Francuz wciąż mieszka w Katalonii, choć Camp Nou opuścił latem 2013 roku przenosząc się do greckiego Olympiakosu Pireus. Stało się tak dlatego, że Duma Katalonii nie zdecydowała się przedłużyć z nim kontraktu po ciężkiej chorobie, jaką Francuz przeszedł.
Ostatnimi czasy jednak pojawiły się w prasie pogłoski na temat rychłego powrotu do klubu Abidala, który miał zająć się szkoleniem młodzieży w Barcelonie. – Po pierwsze to nie jest prawda, że kończę karierę. Wszystko co zostało napisane strasznie mnie zdenerwowało.
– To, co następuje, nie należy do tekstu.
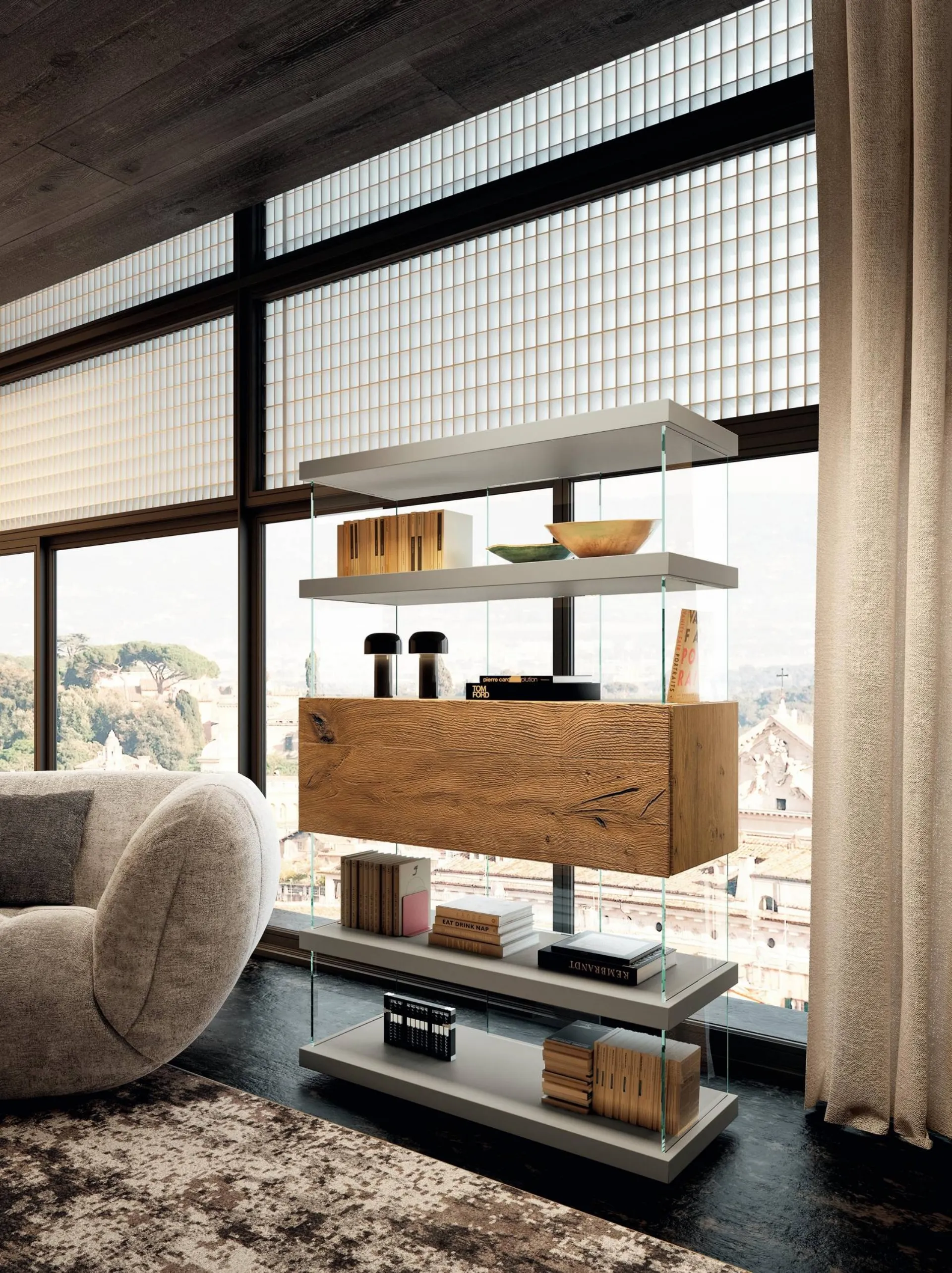 Fotoğrafta görülen model Lago'nun tasarım bölücü kitaplık koleksiyonunun bir parçasıdır
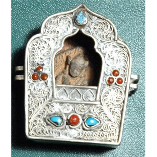 2" high portable Tibetan Buddhist Shrine. Looking out of the window is a Buddha. The bronze based shrine is adorned with silver filigree with turquoise colored and red coral colored stones. There are loops on either side so it can be attached to a belt or chain to be worn around the neck. The back can be removed. The Buddha is of carved stone and moves around freely. It looks as if it was attached but has come unglued There is some additional room for other offerings to be place inside. <p> The condition is good. I do not know the age. The Buddha can easily be re-attached to the back wall of the box if that is what is desired. The condition is good. There some area were the silver has worn down to reveal the bronze base. There is tarnish here and there. Then I have already mention the Buddha that is no longer attached.
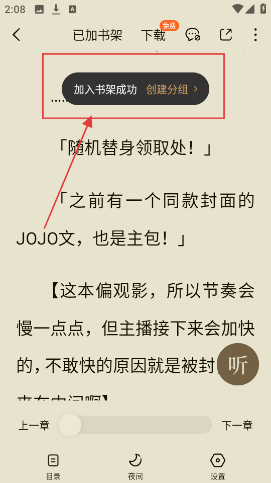 3、点击【加入书架】后,会弹出【加入书架成功】的提示,这说明小说已经成功加入书架,后续找起来就容易啦。
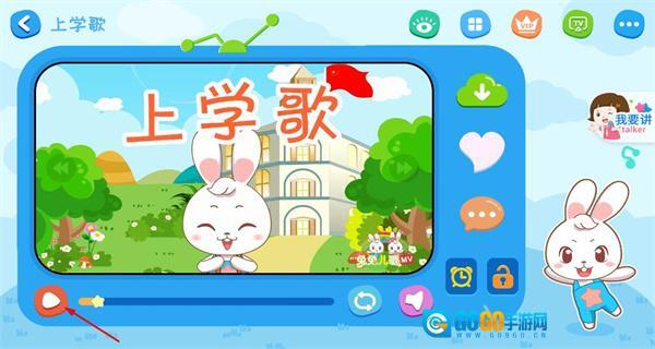 2、在上学歌播放界面,点击左下角播放按钮,可开始播放该儿歌,界面展示儿歌画面和操作控件。
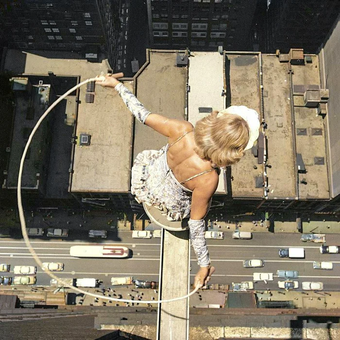 Гимнастка Бетти Фокс прыгает через скакалку на небоскребе высотой в 20 этажей. Чикаго, штат Иллинойс, 1955 год.
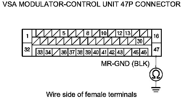 18. Check for continuity between VSA modulator-control unit 47P connector terminal No. 47 and body ground.
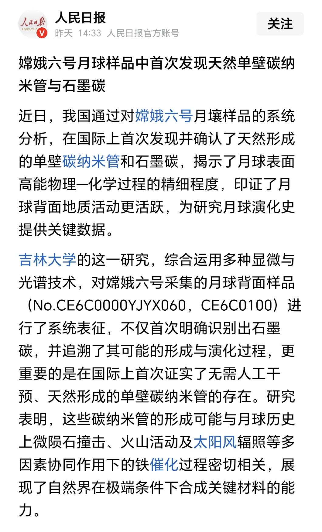 嫦娥六号月壤研究新发现:月球样品中首次发现天然单壁碳纳米管与石墨碳,月背地质活动更活跃。 话说,美弟不是搞了几百斤月壤回来么,研究成果咋就压根不一样?懂的不说,偏的不信,就等一个时间点吧。
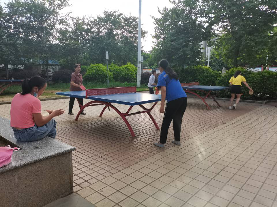 图为当地百姓进行乒乓球运动
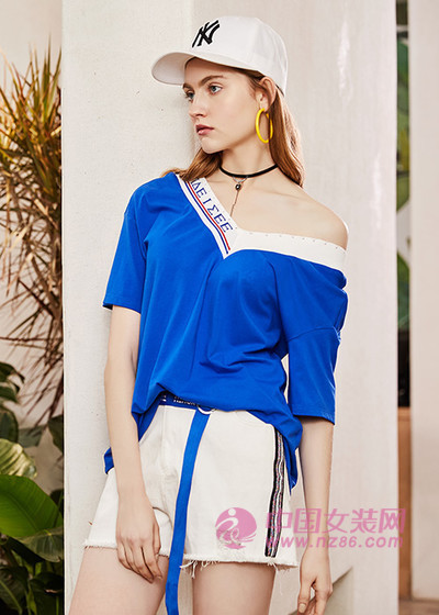 想要把白色穿的吸睛出众,那么也可以选择亮色系来进行搭配。简单基础款的白色短裤直接单穿上身会显得有些单调无趣了,搭配一条亮蓝色白边T恤,瞬间摆脱了白色带来的单调感,整套搭配充满了时尚味道。
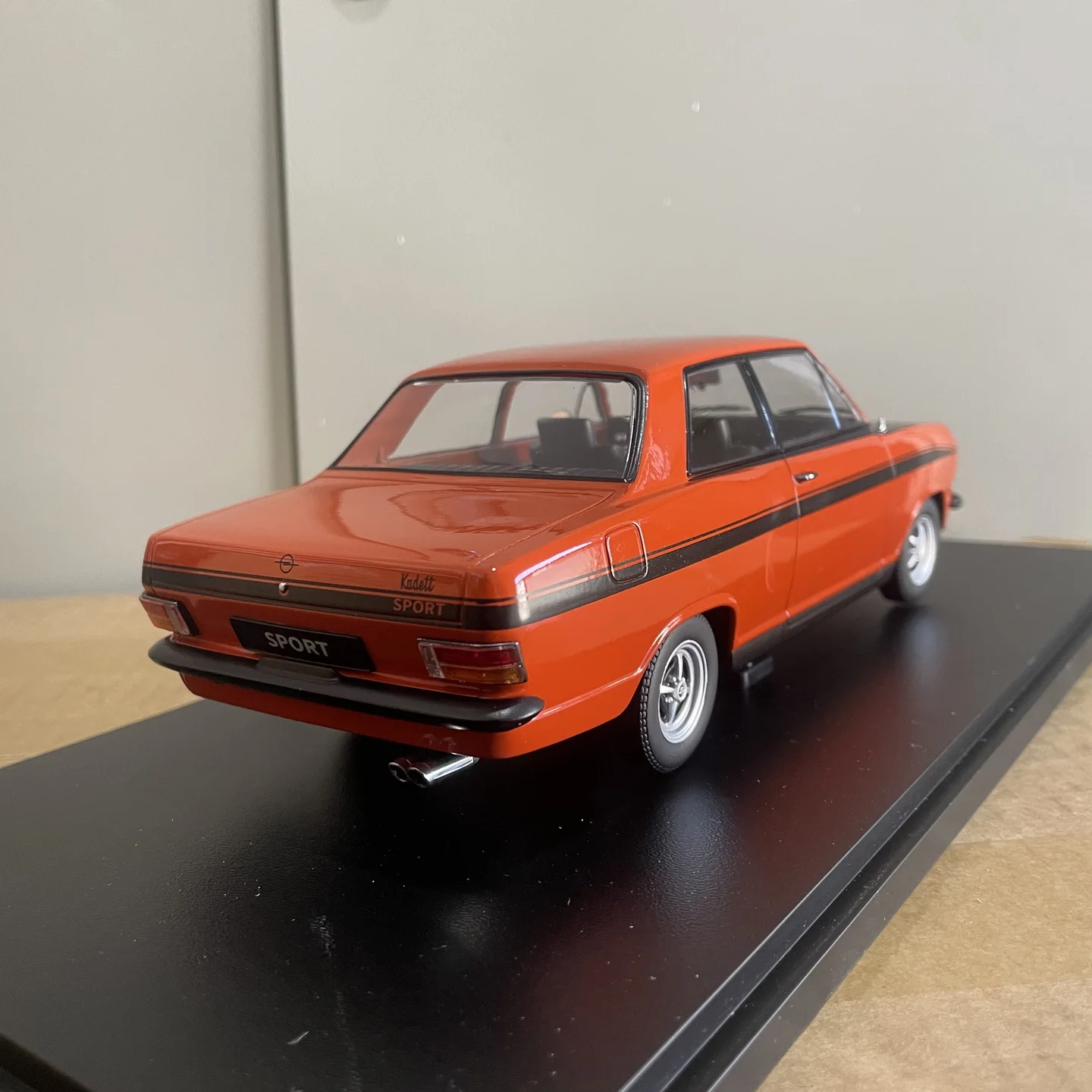 - The black stripe along the sides accentuates the sporty character of the vintage Opel Kadett B Sport 1973, adding visual contrast and dynamic appeal to the model.

Jeśli jestem w Barcelonie to tylko dlatego, że tutaj mam dom i tutaj żyję – powiedział Abidal.
– Nie wrócę do klubu, to wierutna bzdura. Nie wiem, kto rozsiewa takie informacje – podsumował zdecydowanie były obrońca Blaugrany. Abidal podpisał dwuletnią umowę z Olympiakosem, do tej pory dla klubu z Pireusu zagrał 10-krotnie w tym sezonie.